**WHAT THIS TASK INVOLVES:** Leave every image out, and return the rest of the data word for word.

**SUPPLIED MATERIAL:**
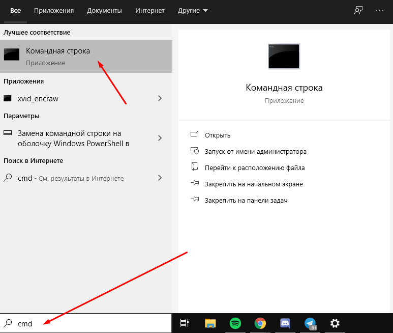 - В поисковой строке наберите cmd и запустите программу «Командная строка».
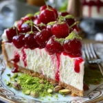 Before serving, top the cheesecake with whipped cream and garnish with whole cherries and chopped pistachios for a stunning presentation.
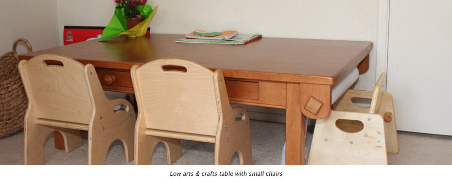 - Small chairs and tables facilitate independent snack time and organized playtime. Provide some buckets, sponges, rags, and child-sized brooms, and your child can even clean up after himself.
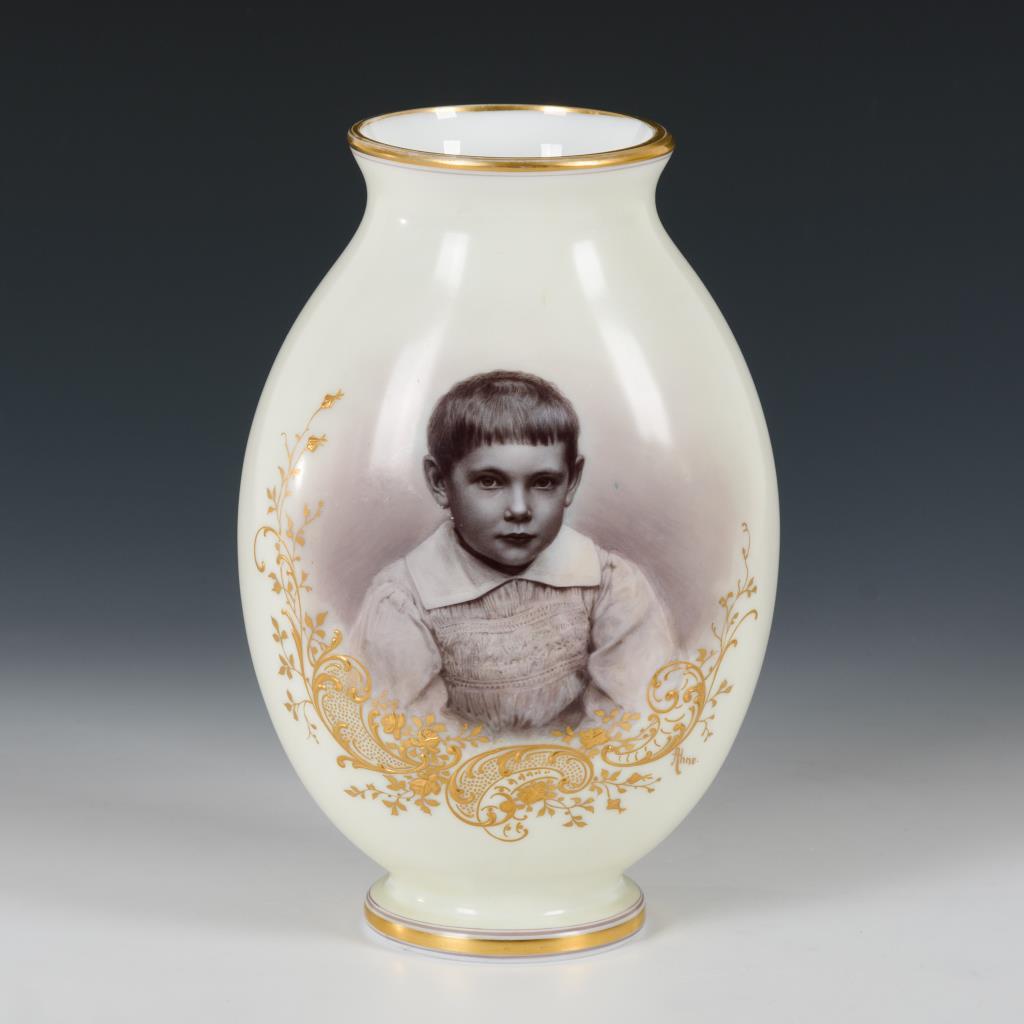 Balustervase mit dem schauseitigen Porträt eines Knaben, wohl dem Enkel Kaiser Wilhelms II., Karl Wilhelm Prinz von Preußen. Minimaler Goldabrieb.

**PROBLEM SOLUTION:**
 - В поисковой строке наберите cmd и запустите программу «Командная строка».
 Before serving, top the cheesecake with whipped cream and garnish with whole cherries and chopped pistachios for a stunning presentation.
 - Small chairs and tables facilitate independent snack time and organized playtime. Provide some buckets, sponges, rags, and child-sized brooms, and your child can even clean up after himself.
 Balustervase mit dem schauseitigen Porträt eines Knaben, wohl dem Enkel Kaiser Wilhelms II., Karl Wilhelm Prinz von Preußen. Minimaler Goldabrieb.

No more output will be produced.